Although AVMs can occur in jejunum (11), the most common sites of involvement of true congenital AVMs are the rectum or sigmoid colon. Many reports have suggested that they are most common in the cecum and ascending colon, but the terminologic confusion concerning the differentiation of angiodysplasia and acquired AVMs, which mainly develop in right colon, from congenital AVMs may have influenced the results. True AVMs are developmental and mainly occur in the rectum or sigmoid colon of patients younger than 50 yr, and correspond to type 2 lesions according to Moore's classification (12). Acquired AVMs or angiodysplasia correspond to type 1 according to this classification and occur in patients older than 50 yr. AVMs in younger patients tend to occur at atypical sites such as in the small bowel, but no segmental form of AVM has been previously reported to involve only the terminal ileum in a cylindrical manner.

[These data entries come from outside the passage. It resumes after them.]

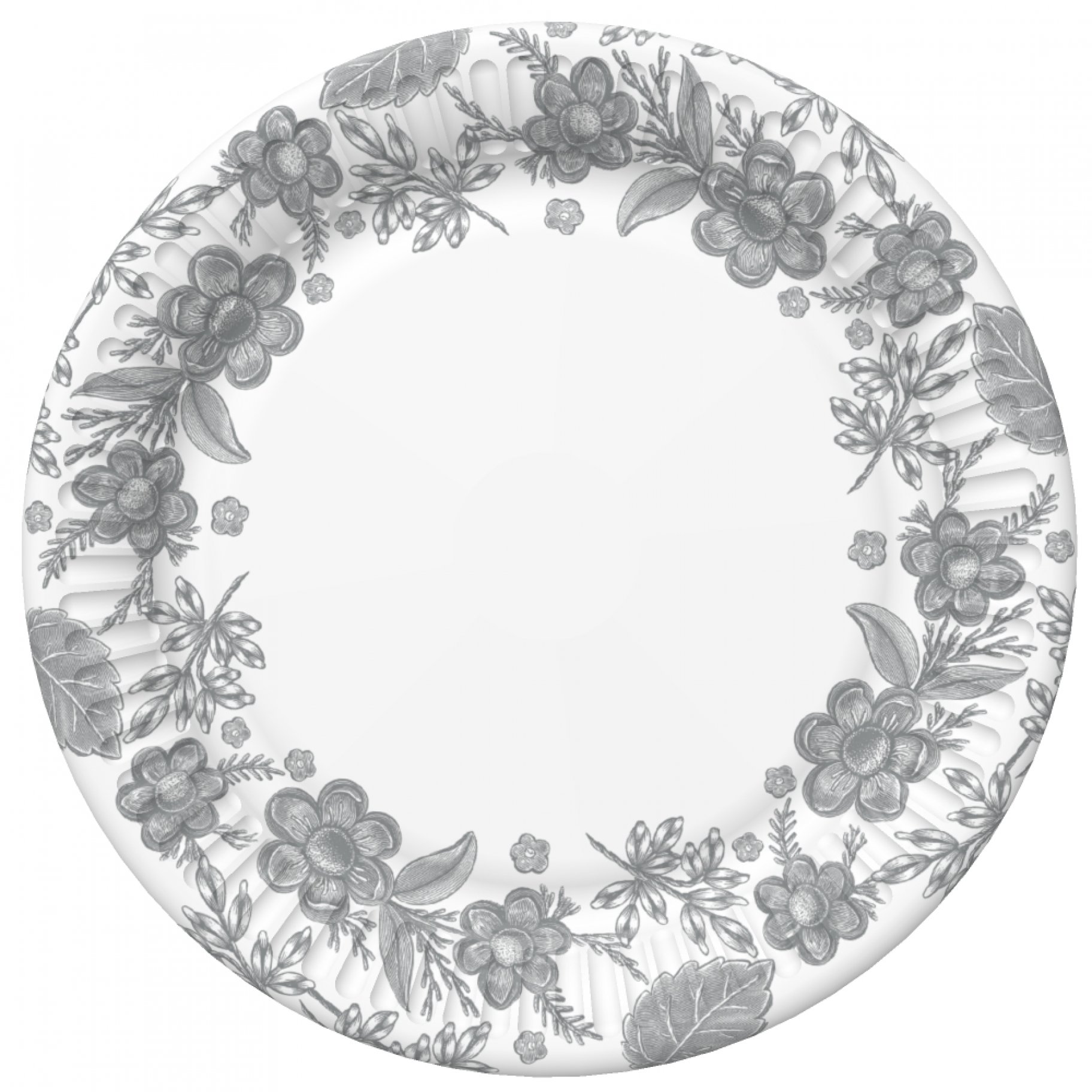 Suured papptaldrikud "Hõbedane lillemuster"
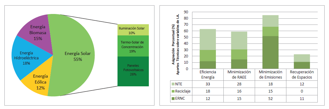 A partir del estudio se han identificado los aportes de cada alternativa de energía renovable y los porcentajes en la propuesta (Ver Figura 2), así como la disminución de emisiones de calor y contaminantes, con la implementación del tele-trabajo para disminuir el uso de combustibles fósiles en materia de movilidad. Se identifican técnicas como la reducción, a partir de disminuir los aspectos de impacto ambiental, la remediación, a través del reciclaje y la migración, usando NTE, a fin de realizar una acción preventiva, donde se corrige el impacto ambiental desde la etapa de desarrollo sostenible y diseño eco-responsable.
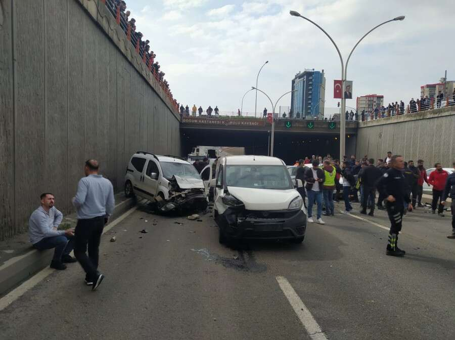 Alınan bilgilere göre, Diyarbakır Kadın Hastalıkları Doğum ve Çocuk Hastalıkları Hastanesi mevkisindeki köprülü kavşakta, 16 AIG 669 plakalı araç, Şanlıurfa yolu üzerinden otogar istikametine sağ şeritten seyir halindeyken sola doğru manevra yaptığı sırada aynı istikamette orta şeritte seyir halinde olan sürücü M.A. idaresindeki 44 ACB 185 plakalı araca çarptı. Çarpmanın etkisiyle hareketini sürdürerek sol şeritten aynı istikamete seyir halinde olan sürücü, M.K. idaresindeki 06 DG 2142 plakalı araca çarptı.
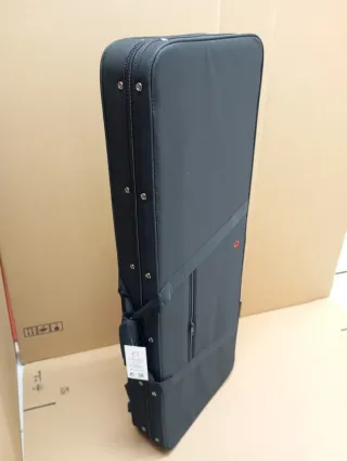Estuche para guitarra eléctrica fabricado en foam, ideal para proteger tu instrumento - Color negro. - Cierre con cremallera. - Bolsillo exterior - Asas de transporte. - Tirantes tipo mochila Estuches para guitarras eléctricas fabricados en poliéster negro, interior de terciopelo naranja y acolchado foam. Bolsillo, asas y mochila. Medidas: externas 104x38x11cm - internas 100x34x8cm. Peso: 1,85Kg.
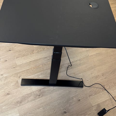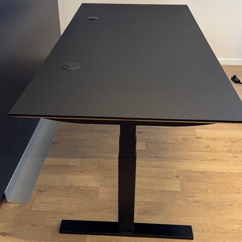 2 stk Holmriis - hæve-sænkebord med bordplade i bøgetræ og sort stel. Bordet måler 160 cm i længden og 80 cm i bredden. Designet til fleksibel brug med justerbar højde, egnet til kontor eller hjemmekontor.
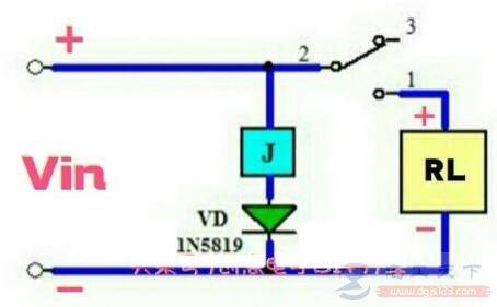 如果Vin的正负极接错,此时二极管VD截止,继电器J不工作,其常开触点断开,RL两端无电压也不工作,从而保护负载RL不会因电源极性接反而损坏。
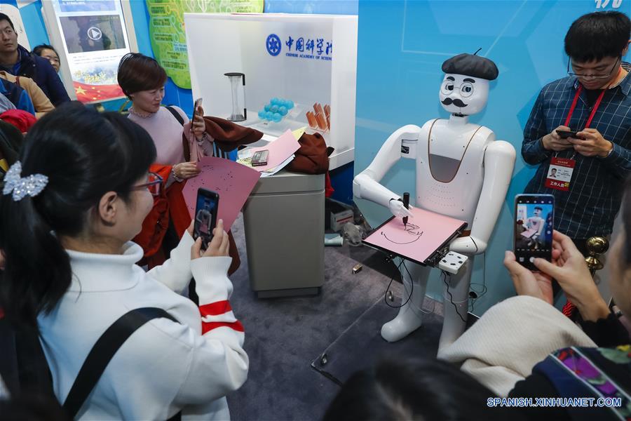 BEIJING, noviembre 20, 2018 (Xinhua) -- Un robot de pintura inteligente con función de reconocimiento facial dibuja un retrato durante una gran exposición para conmemorar el 40 aniversario de la reforma y apertura de China, en el Museo Nacional de China, en Beijing, capital de China, el 20 de noviembre de 2018. (Xinhua/Shen Bohan)
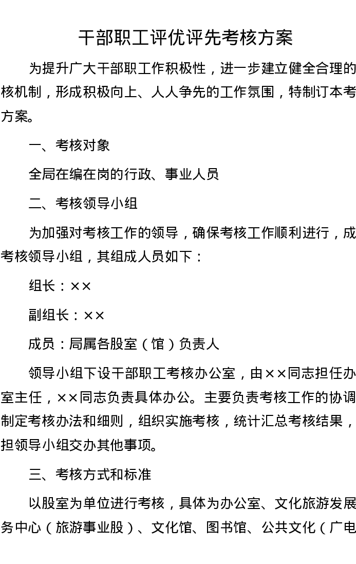 干部职工评优评先考核方案
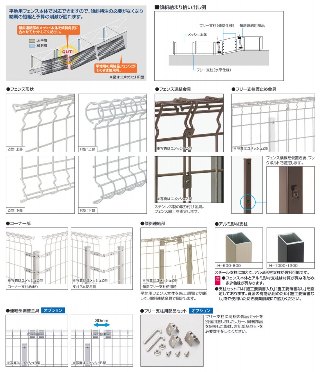ユメッシュZ型・R型(フリー支柱タイプ・傾斜用フリー支柱タイプ)
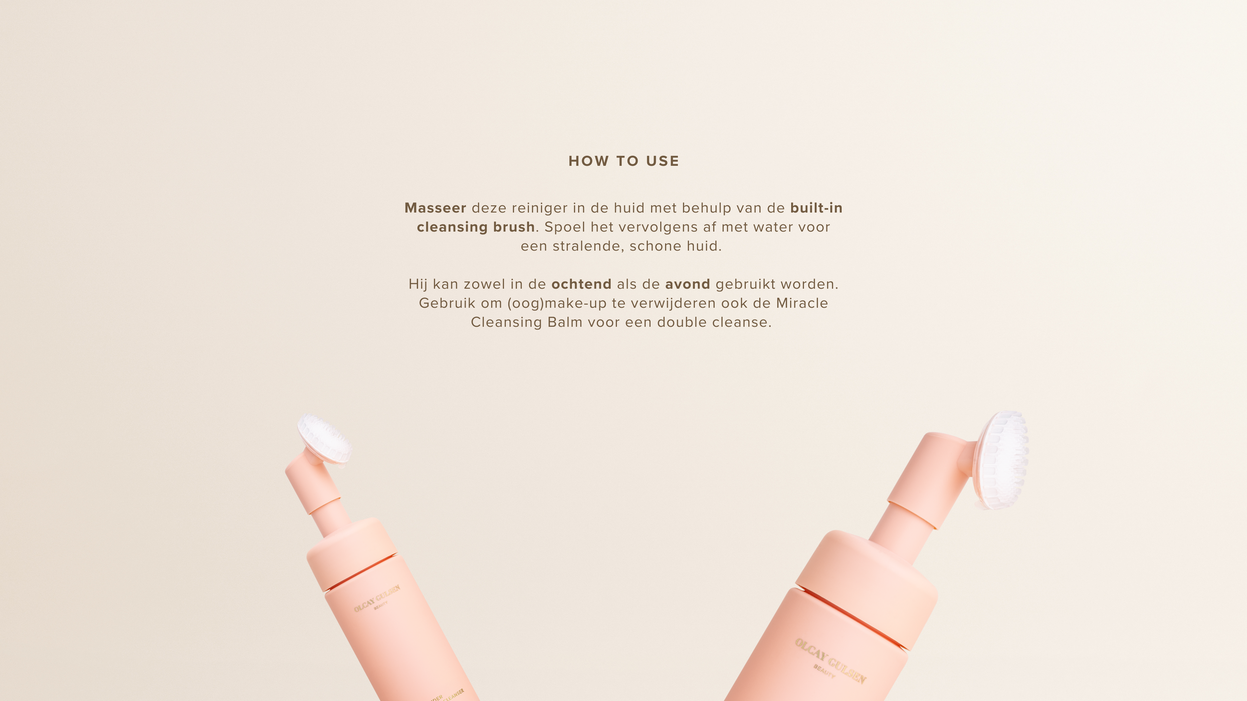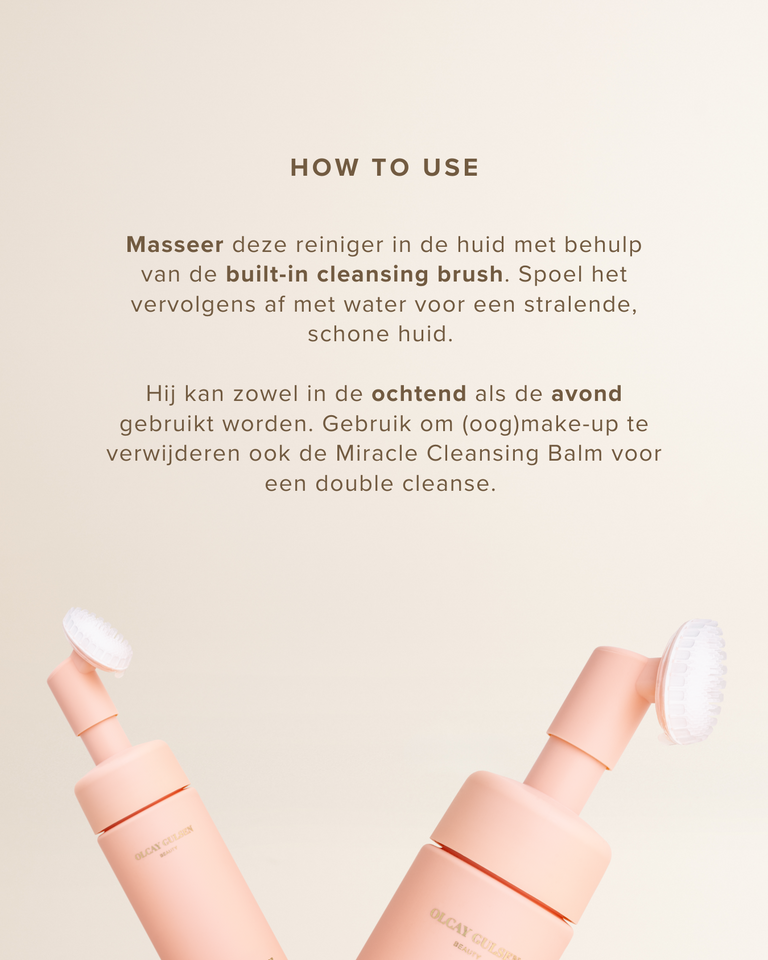 Druk op de pomp zodat het zachte schuim tevoorschijn komt en masseer dit met behulp van de built-in cleansing brush in op de huid met ronddraaiende bewegingen. We adviseren minimaal een minuut te reinigen, om het vervolgens af te spoelen met water. Deze cleanser kan zowel in de ochtend als avond gebruikt worden. Deze reiniger is niet geschikt voor het verwijderen van oogmake-up. Wanneer het product met de ogen in contact komt, spoel dit dan direct goed uit.
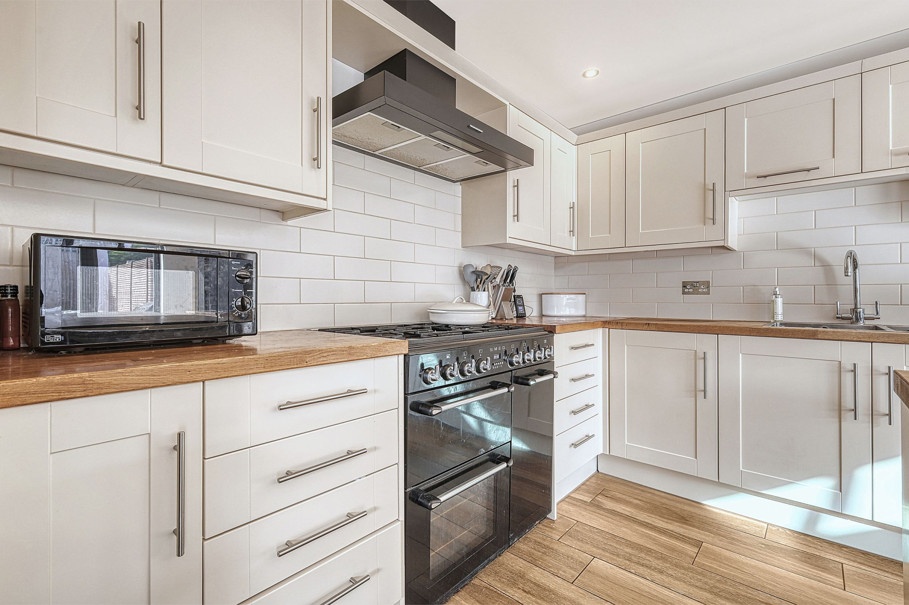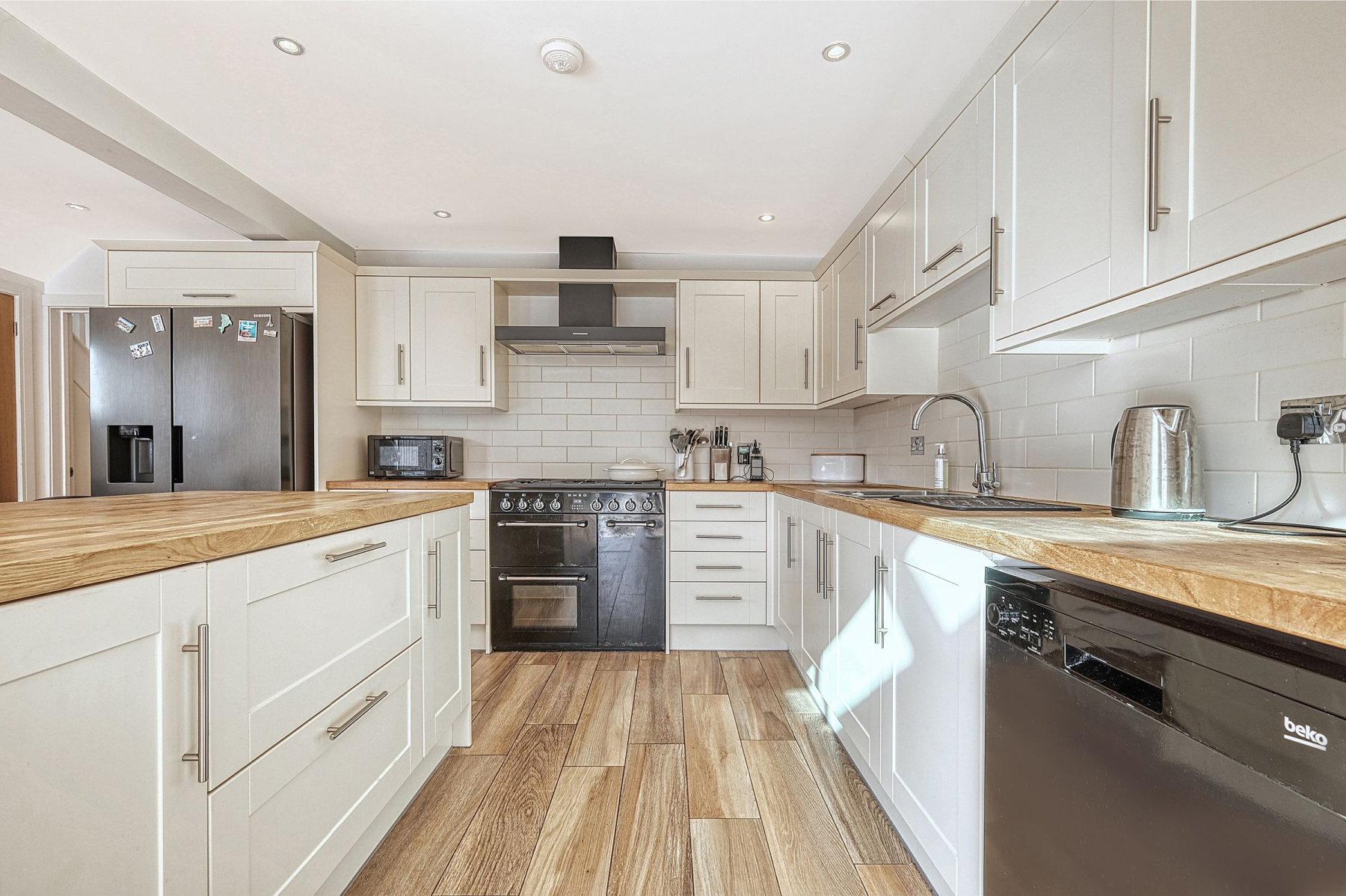 The rear extension offers the ideal open plan living space with a beautiful modern fitted kitchen. The kitchen itself has an array of base and eye level units, solid wood worktops and space for appliances including room for a free standing range cooker.
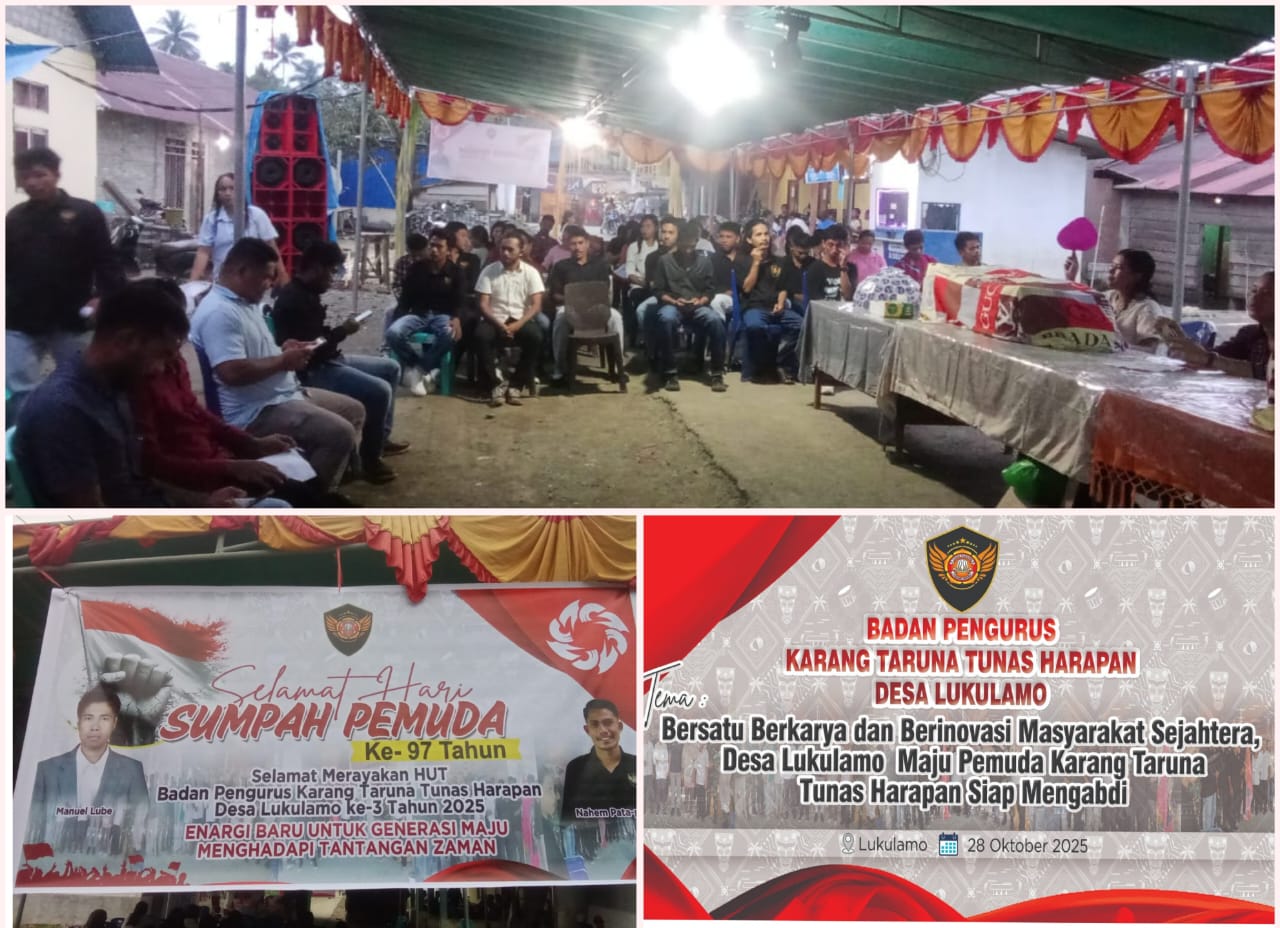 Acara ini juga merayakan HUT ke-3 Tahun 2025 Badan Pengurus Karang Taruna Tunas Harapan Desa Lukulamo.
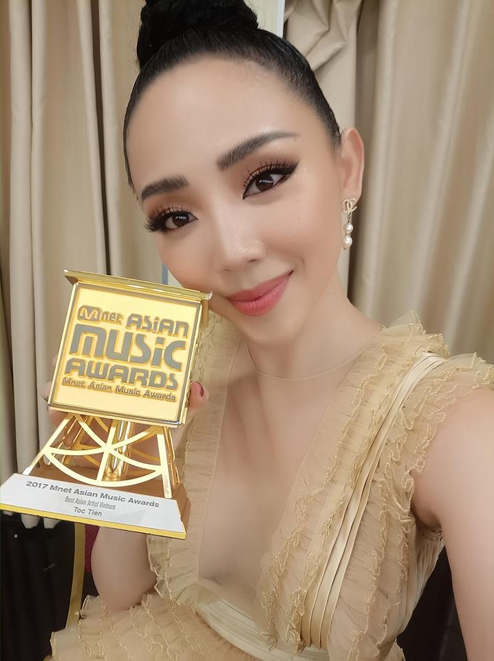 Tối 25/11, tại Lễ trao giải thưởng âm nhạc MAMA 2017 diễn ra ở nhà hát Hoà Bình, TP.HCM, ca sĩ Tóc Tiên được vinh danh ở hạng mục Nghệ sĩ châu Á xuất sắc nhất tại Việt Nam. Trên trang cá nhân của giọng ca Ngày mai đã chia sẻ hình ảnh cầm chiếc cúp danh dự cùng lời cảm ơn đến khán giả đã luôn bên cạnh bảo vệ, ủng hộ cô trên con đường hoạt động nghệ thuật.
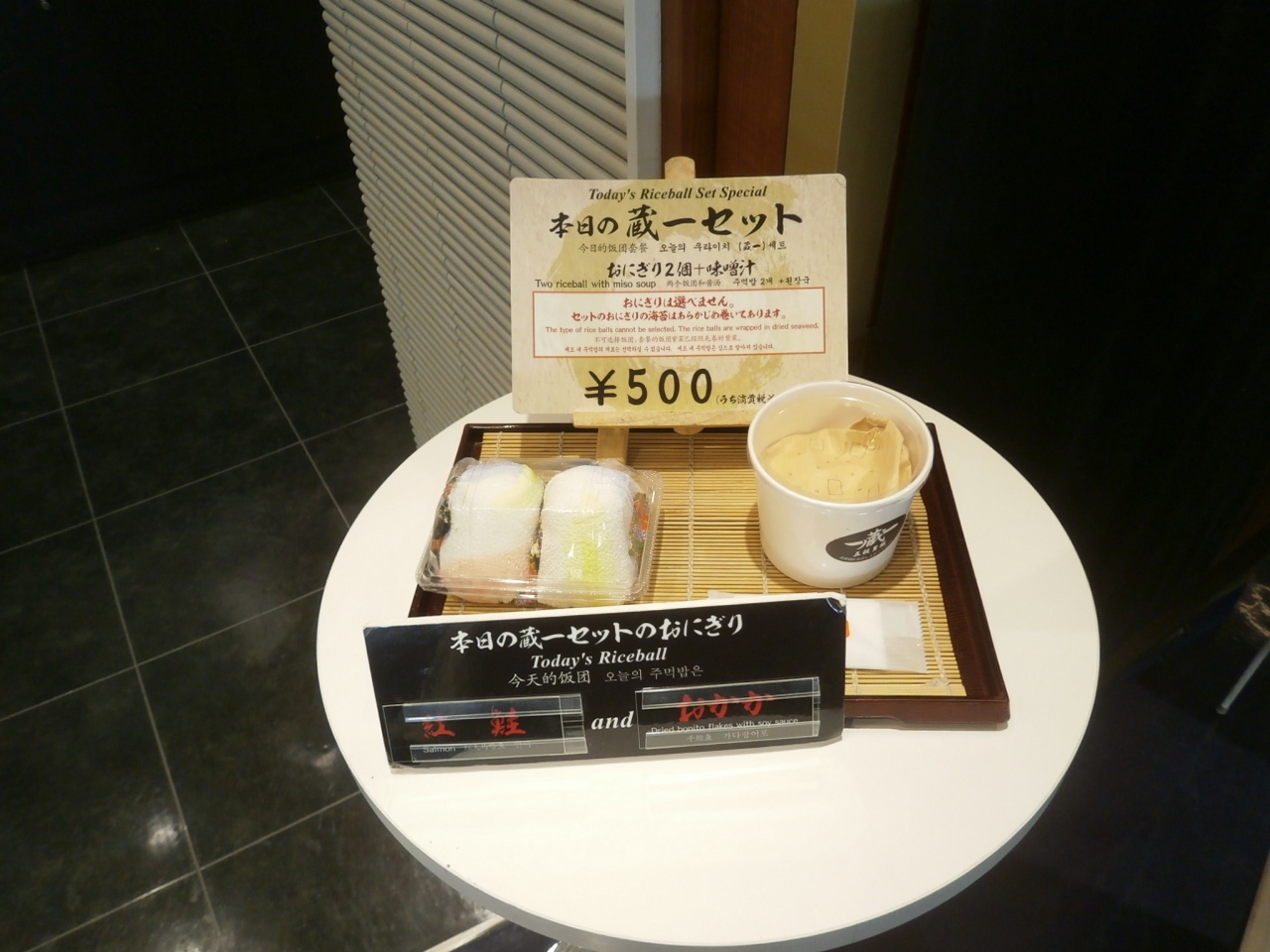 - おかかと鮭のおにぎりとお味噌汁が付いて500円!

The usefulness of CT for the detection of sources of gastrointestinal bleeding has been recently described in the context of imaging modality developments (13). In the present case, we performed CT with a 3-dimensional angiographic reconstruction instead of conventional mesenteric arterial angiography because we did not consider invasive radiological therapeutic intervention as a potential elective hemostatic modality, and because we required an evaluation of the relation between the vascular architecture and the bowel wall. In addition, our case would not have been suitable for endoscopic therapeutic options. Ultimately, surgical resection offers the best chance of curative treatment in such situations.

In conclusion, we experienced a rare case of a segmental transmural AVM involving the terminal ileum and mimicking intestinal varicosis, which presented as a case of recurrent lower gastrointestinal hemorrhage, and which was successfully treated by surgical resection.